Latest Market Summary
US ECONOMIC OUTLOOK GETS A FILLIP FROM NONFARM PAYROLL NUMBERS
The US economy seems it to be having its best period of growth in decades after the nonfarm payroll data released by the Labor Department showed unemployment at a 17-year low of 4.1%. The steady hiring resulted in lower unemployment and sustainable growth in the output. The Quarter 3 growth rate was approximately 3%. The markets greeted this news as another sign of a strengthening economy, with the DJIA and S&P 500 both finishing the week up by 0.4%.
BREXIT DEAL NEARS AGREEMENT
After weeks of intense diplomacy and negotiations, a settlement has been reached between the UK and EU. The tentative agreement is to be endorsed by the EU at the Brussels summit next week. The divorce bill is likely to be in the range of GBP 36bn to GBP 39bn. The latest development marks a completion of the BREXIT phase one. The negotiations will now enter the critical second stage where more difficult decisions are to be made.
US GOVT BOND PRICES FALL AMID REPORTS OF A STRONG LABOUR MARKET
The US Govt bond prices fell, and the 10-yr Treasury yield rose to 2.383% after the low unemployment figures were released by the Labour Department. The expected rate hike by the FED this week is likely to be one in a series of future rate hikes to prevent the economy from overheating as prospects of inflation became stronger after the release of employment figures and the proposed Corporate Tax cuts.
STERLING & GILT YIELDS VOLATILE AFTER BREXIT DEALS
The pound reversed the early gains it made on Friday after the news of the agreement between the UK and the EU over BREXIT. In the early trading hours on Friday, the pound reached above $ 1.35 against the US dollar however subsequently retreated to $ 1.3377, ending the day at -0.7%. The yield on policy-sensitive two-year gilt hit 0.567% before ending the session flat at 0.51%. the 10-year benchmark yield ended up 2 basis points higher at 1.28%
PRESSURE MOUNTS ON WTO AS THE US PROMOTE ITS NATIONAL INTERESTS
EU officials said that the US is threatening to damage global trade undermining WTO. the US is allegedly blocking appointments to a WTO appellate body that resolves trade disputes thereby sabotaging the system of global trade. US officials said that the WTO needs to adapt the changing dynamics of Global Trade and the challenges it faces. In his recent tirade against the WTO, President Trump accused it of being unfair to the US and at the same time alleged that China, the biggest exporter, has used WTO for its policy of mercantilism.
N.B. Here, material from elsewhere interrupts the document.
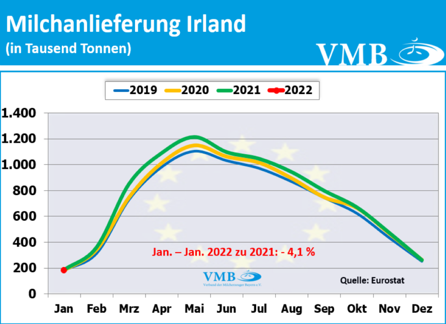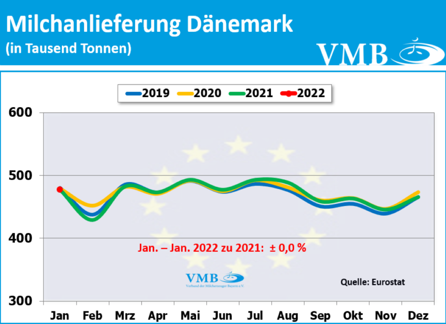 Mitte letzten Jahres hat die Milcherzeugung in der europäischen Union neben dem saisonalen Rückgang auch im Monatsvergleich nachgelassen. Am Jahresende 2021 kam die Milchproduktion ans Vorjahresniveau 2020 heran. Mit den aktuellen Anlieferungen 2022 wird zum Jahresstart die Milchproduktion im Vergleich zum Vorjahr unterschritten. Nur noch wenige Länder in der EU weisen in der Statistik eine höhere Milchanlieferung zum Vorjahr auf: Die größten Milcherzeugerregionen wie Deutschland, Frankreich und den Niederlanden bleiben weiterhin Unterlieferer. Selbst Irland zeigt derzeit ein Minus von 4,1 Prozent auf, wobei die Milcherzeugung erst saisonal langsam startet. In Dänemark liegt das Erzeugungsniveau gleich. Nur in den bekannten Überliefererstaaten Polen und Italien hat sich die Entwicklung wie zum Vorjahr 2021 bestätigt. Diese beiden Länder starten mit einem Plus von 2,7 bzw. 1,3 Prozent.

FINANCIAL SECTOR SEES STRONG INFLOWS OF $ 1.5BN
Investors poured $ 1.5bn into financial sector funds last week on optimism about the prospects of lighter regulation and less tax. This was the fourth consecutive week of inflows into the sector. The potential easing of regulations and corporate tax cuts increase the positive sentiment in the financial sector. Banks are likely to be the biggest beneficiaries of lower domestic tax rates.